THE TASK:
A complete answer retypes each of the records below precisely and includes none of the pictures.

DATA PROVIDED:
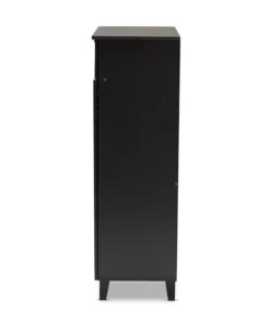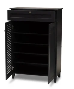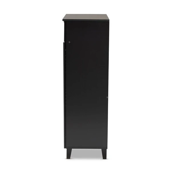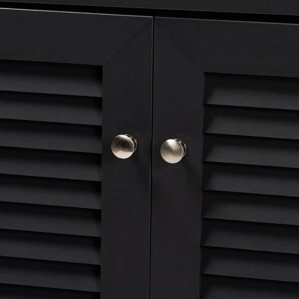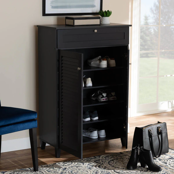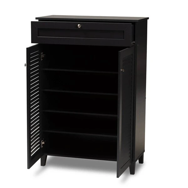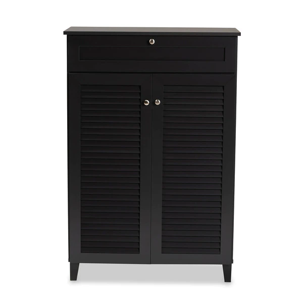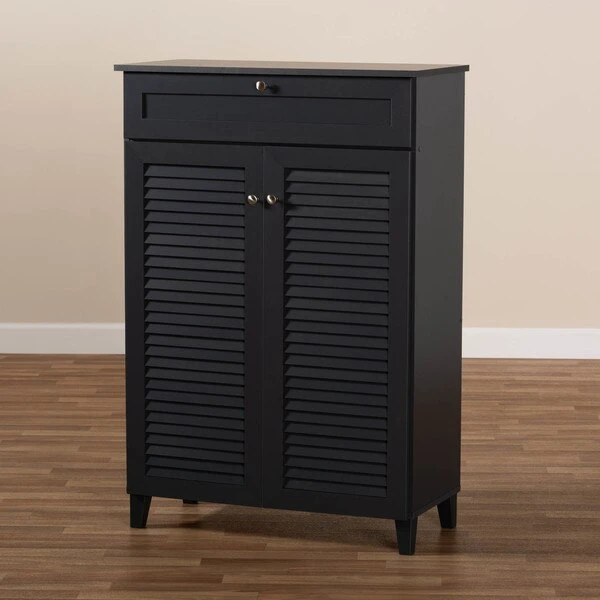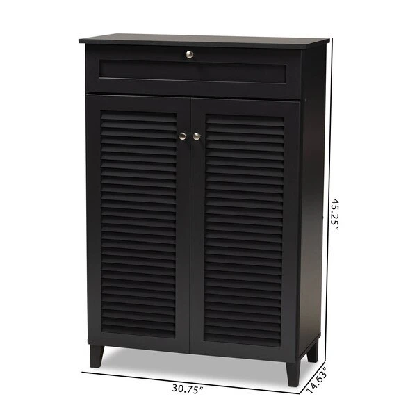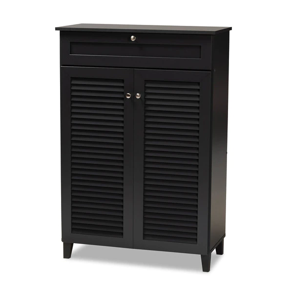 Store your shoes on the sly with the Coolidge shoe cabinet. Two slatted doors, fitted with round knobs, conceal five shelves with storage space for up to 15 pairs of shoes. One spacious drawer, accented with inset paneling, provides additional storage space for extra shoelaces and miscellaneous items. Tapered legs add refined style and provide elevation to deter dust buildup. Constructed from engineered wood, the Coolidge showcases a sleek dark grey finish that complements any color scheme. The Coolidge shoe cabinet requires assembly.
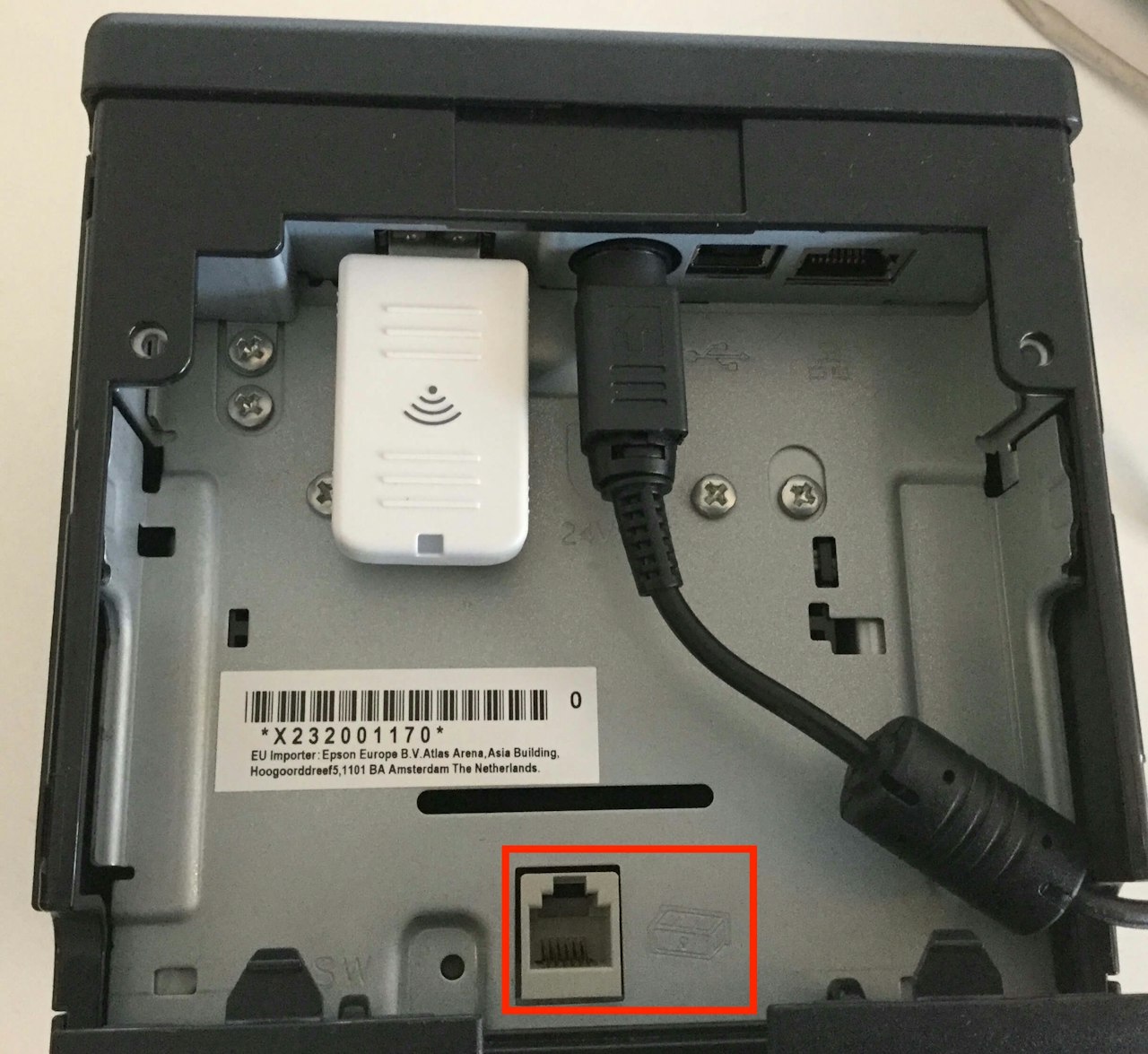 Öffnen Sie nun die untere Abdeckung des Druckers und stecken Sie das Kabel der Kassenlade in die entsprechende Buchse (auf dem Foto rot markiert).
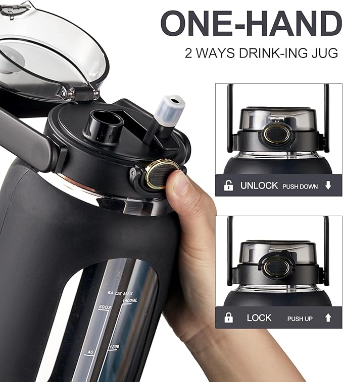 - HALF GALLON LARGE CAPACITY: Our half gallon water bottles can hold up to 64oz of water. Large capacity ensures you enjoy one full water bottle / jug without having to refill it frequently. Featured with measuring scale help you check the actual amount of water intake easily and clearly. Wide-mouth opening is easy to fill with ice cubes and clean.
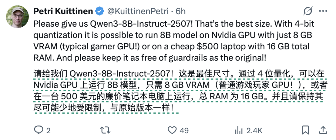 最后,已经有网友在呼吁开源永动机Qwen团队赶紧交出Qwen3-8B系列了:
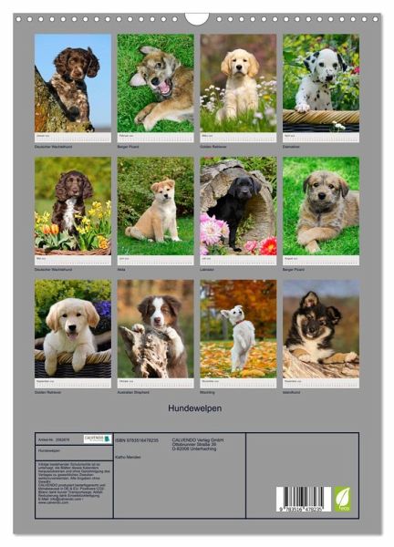QUALITÄT - Hochwertiger Fotokalender mit 12 wunderschönen Motiven auf lichtbeständigem Bilderdruckpapier, robuste Spiralbindung mit Aufhängebügel.NACHHALTIG - deutliche Abfallreduzierung durch bedarfsgerechte Einzelstückfertigung, umweltfreundliches FSC-zertifiziertes Papier, Produktion in Deutschland, klimabewusste Logistik.PERFEKTES GESCHENK - Kalender für Freunde und Familie, für Kinder und Erwachsene, jung und alt, zu Weihnachten, Geburtstag oder zwischendurch.VIELFALT - Bildkalender in verschiedenen Formaten, z.B. DIN A5, DIN A4, DIN A3 sowie DIN A2. Ob Naturmotiv, Gemälde oder Fotos, ideal für ein persönliches Wohlfühlambiente.Niedliche Welpen zum Liebhaben von Autor(in): Katho Menden
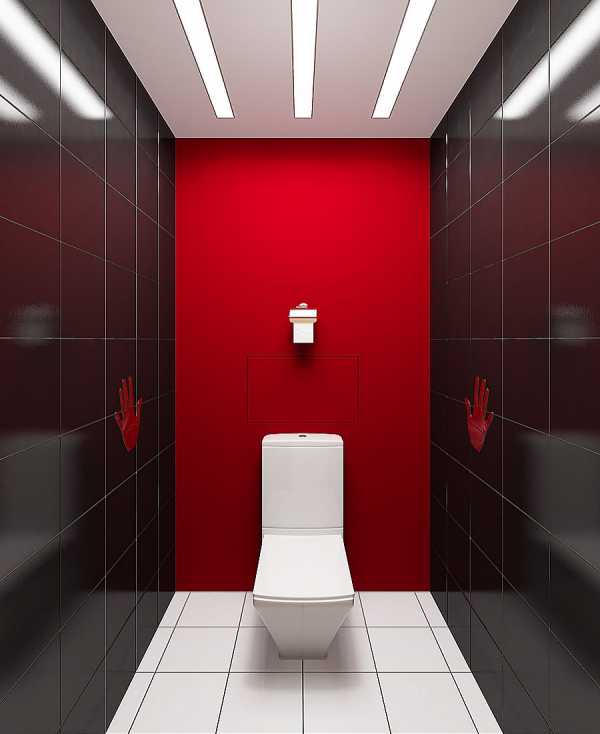 Но можно поэкспериментировать к красно-черной гамме, получится модный дизайн туалета 2018. Еще больше оригинальных примеров – в нашей фотогалерее.
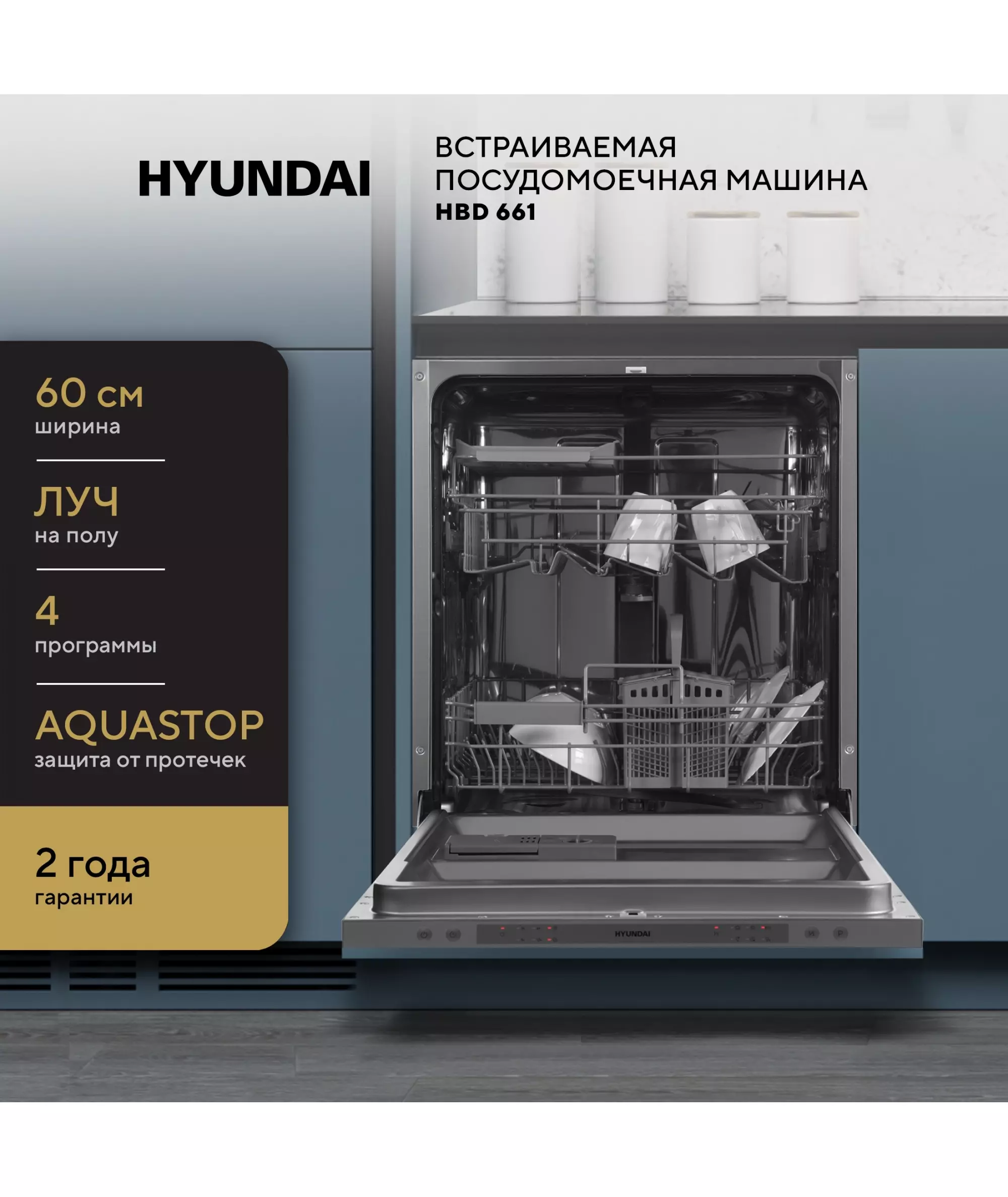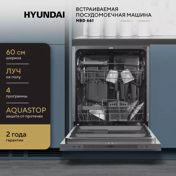 Посудомоечная машина Hyundai HBD 661 встраив. 2100Вт полноразмерная серебристый

OUTPUT OF THE EXERCISE:
 Store your shoes on the sly with the Coolidge shoe cabinet. Two slatted doors, fitted with round knobs, conceal five shelves with storage space for up to 15 pairs of shoes. One spacious drawer, accented with inset paneling, provides additional storage space for extra shoelaces and miscellaneous items. Tapered legs add refined style and provide elevation to deter dust buildup. Constructed from engineered wood, the Coolidge showcases a sleek dark grey finish that complements any color scheme. The Coolidge shoe cabinet requires assembly.
 Öffnen Sie nun die untere Abdeckung des Druckers und stecken Sie das Kabel der Kassenlade in die entsprechende Buchse (auf dem Foto rot markiert).
 - HALF GALLON LARGE CAPACITY: Our half gallon water bottles can hold up to 64oz of water. Large capacity ensures you enjoy one full water bottle / jug without having to refill it frequently. Featured with measuring scale help you check the actual amount of water intake easily and clearly. Wide-mouth opening is easy to fill with ice cubes and clean.
 最后,已经有网友在呼吁开源永动机Qwen团队赶紧交出Qwen3-8B系列了:
QUALITÄT - Hochwertiger Fotokalender mit 12 wunderschönen Motiven auf lichtbeständigem Bilderdruckpapier, robuste Spiralbindung mit Aufhängebügel.NACHHALTIG - deutliche Abfallreduzierung durch bedarfsgerechte Einzelstückfertigung, umweltfreundliches FSC-zertifiziertes Papier, Produktion in Deutschland, klimabewusste Logistik.PERFEKTES GESCHENK - Kalender für Freunde und Familie, für Kinder und Erwachsene, jung und alt, zu Weihnachten, Geburtstag oder zwischendurch.VIELFALT - Bildkalender in verschiedenen Formaten, z.B. DIN A5, DIN A4, DIN A3 sowie DIN A2. Ob Naturmotiv, Gemälde oder Fotos, ideal für ein persönliches Wohlfühlambiente.Niedliche Welpen zum Liebhaben von Autor(in): Katho Menden
 Но можно поэкспериментировать к красно-черной гамме, получится модный дизайн туалета 2018. Еще больше оригинальных примеров – в нашей фотогалерее.
 Посудомоечная машина Hyundai HBD 661 встраив. 2100Вт полноразмерная серебристый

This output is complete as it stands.